- What to work on
Copy, from the entries below, each line in which the string "para" appears.

===

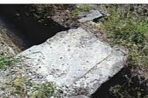
大塚古墳北の石棺

市川の流路を見下ろす段丘上に築かれています。墳丘は一部崩れていますが、石室はほぼ完存しており、構造を観察することができます。出土遺物は須恵器の提瓶が知られています。また、古墳北側に用水路の橋として転用されている組み合わせ式石棺の蓋石が確認できます。
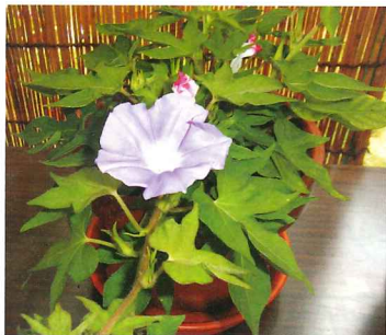
青常葉 木立 藤色星咲 (出物)

花の変化は正木系統で、①州浜大輪、②石畳咲、③だたみざき、④乱菊、⑤福福南天、⑥うもりなんてん、⑦渦(うず)、⑧桔梗咲(ききょうざき)、⑨立田(たつた)、⑩車咲(くる)
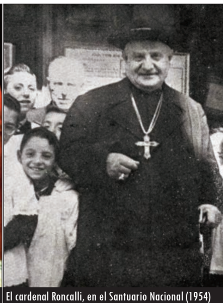
El cardenal Roncalli, en el Santuario Nacional (1954)

encuentra en Valladolid, de las pocas que no fue desamortizada porque su horizonte e interés era la formación de seminaristas para la evangelización de un territorio tan alejado de la Monarquía católica como era el archipiélago de Filipinas.
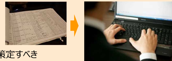
紙台帳等のアナログな管理に代わる顧客管理システムの導入
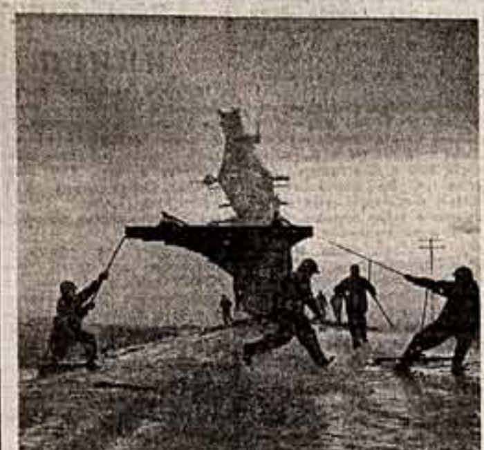
Широкий круг повседневных забот коммунистов — борьба за качественный, творческий труд, забота о духовном росте строителей коммунизма, мужество стремление быть там, где труднее. Обо всем этом рассказывают произведения лучших мастеров страны, представленные на Всесоюзной выставке, которая продолжает свою работу в Москве, в выставочном зале Дома художников.

МОРЯК СХОДИТ НА БЕРЕГ Улица Уус-Садама. Эстонское морское пароходство. 4 тысячи человек — пассажиров, 1.300 — коммунисты, 1.700 — комсомольцы. Многие молодые и много молодежи. Рейс 2—2,5 месяца, стоянка в порту — от недели до 15 дней, сменных экипажей почти нет. 250 человек участв. заочно. Все это достаточно ясно обрисовывает круг задач по вопросам культурного обслуживания моряков. Мы побывали на культурно-пароходства — небольшой, но весьма неплохо оснащенный. Здесь своя радиостудия: каждое судно берет в рейс от 16 до 20 перелетных (5—6 общественно-политических, остальные познавательные и развлекательные). Раз в три месяца выходит журнал, 47 тысяч томов насчитывает библиотека, но... Наши собеседники — заместитель секретаря партийного пароходства Анатолий Николаевич Михарев и старший методист культуры Нина Венедиктовна Рубанова — рассказывают: — Хронически не хватает художественной литературы, библиотечка снабжается через единственный на всю республику коллектор. А каждое судно должно
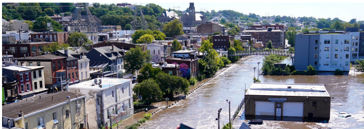
Figura 4: Manayunk después del Ida

de mejora es la planificación de procedimientos de evacuación más eficaces para los ocupantes de espacios bajo el nivel del suelo en caso de inundaciones repentinas. También es importante identificar la ubicación de estructuras vulnerables, en especial estructuras residenciales, y explorar situaciones para protegerlas mejor frente a inundaciones, tormentas y otros riesgos naturales. Asimismo, existe una necesidad de mejorar los métodos de pronóstico, monitoreo, seguimiento y evaluación del impacto de fenómenos meteorológicos extremos. Abordar estas áreas de mejora puede ayudar a la ciudad y a sus socios a prepararse de manera más eficiente para futuros fenómenos climáticos extremos.
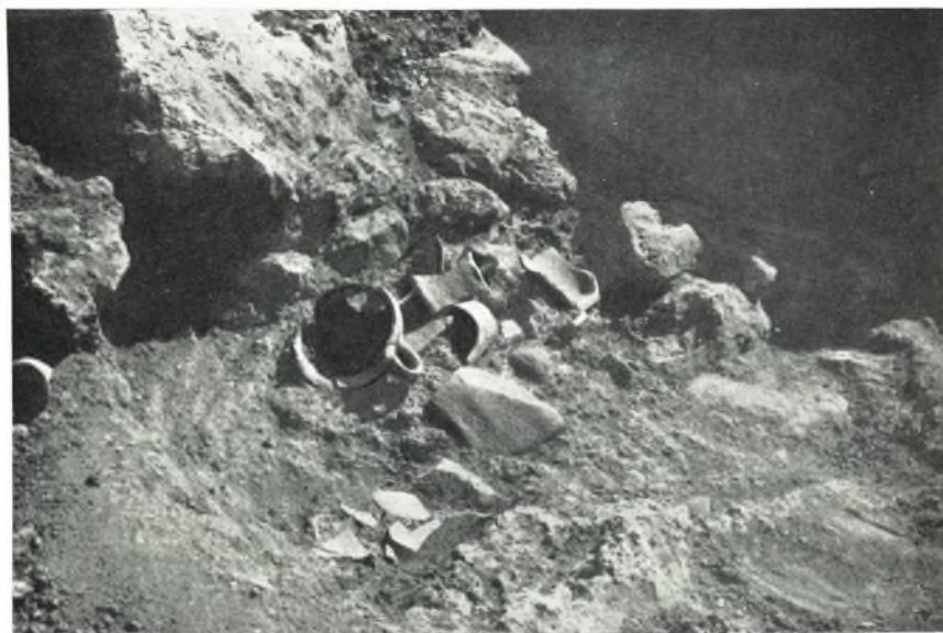
α. Ὁ ἀποθέτης τῶν ΠΜ ΙΙΙ ἀγγείων κατὰ τὴν βᾶσιν τοῦ στηρίγματος δοκοῦ Α τοῦ Μαγειρείου τοῦ Ἐνακτόρου.

===

- Completed task
encuentra en Valladolid, de las pocas que no fue desamortizada porque su horizonte e interés era la formación de seminaristas para la evangelización de un territorio tan alejado de la Monarquía católica como era el archipiélago de Filipinas.
de mejora es la planificación de procedimientos de evacuación más eficaces para los ocupantes de espacios bajo el nivel del suelo en caso de inundaciones repentinas. También es importante identificar la ubicación de estructuras vulnerables, en especial estructuras residenciales, y explorar situaciones para protegerlas mejor frente a inundaciones, tormentas y otros riesgos naturales. Asimismo, existe una necesidad de mejorar los métodos de pronóstico, monitoreo, seguimiento y evaluación del impacto de fenómenos meteorológicos extremos. Abordar estas áreas de mejora puede ayudar a la ciudad y a sus socios a prepararse de manera más eficiente para futuros fenómenos climáticos extremos.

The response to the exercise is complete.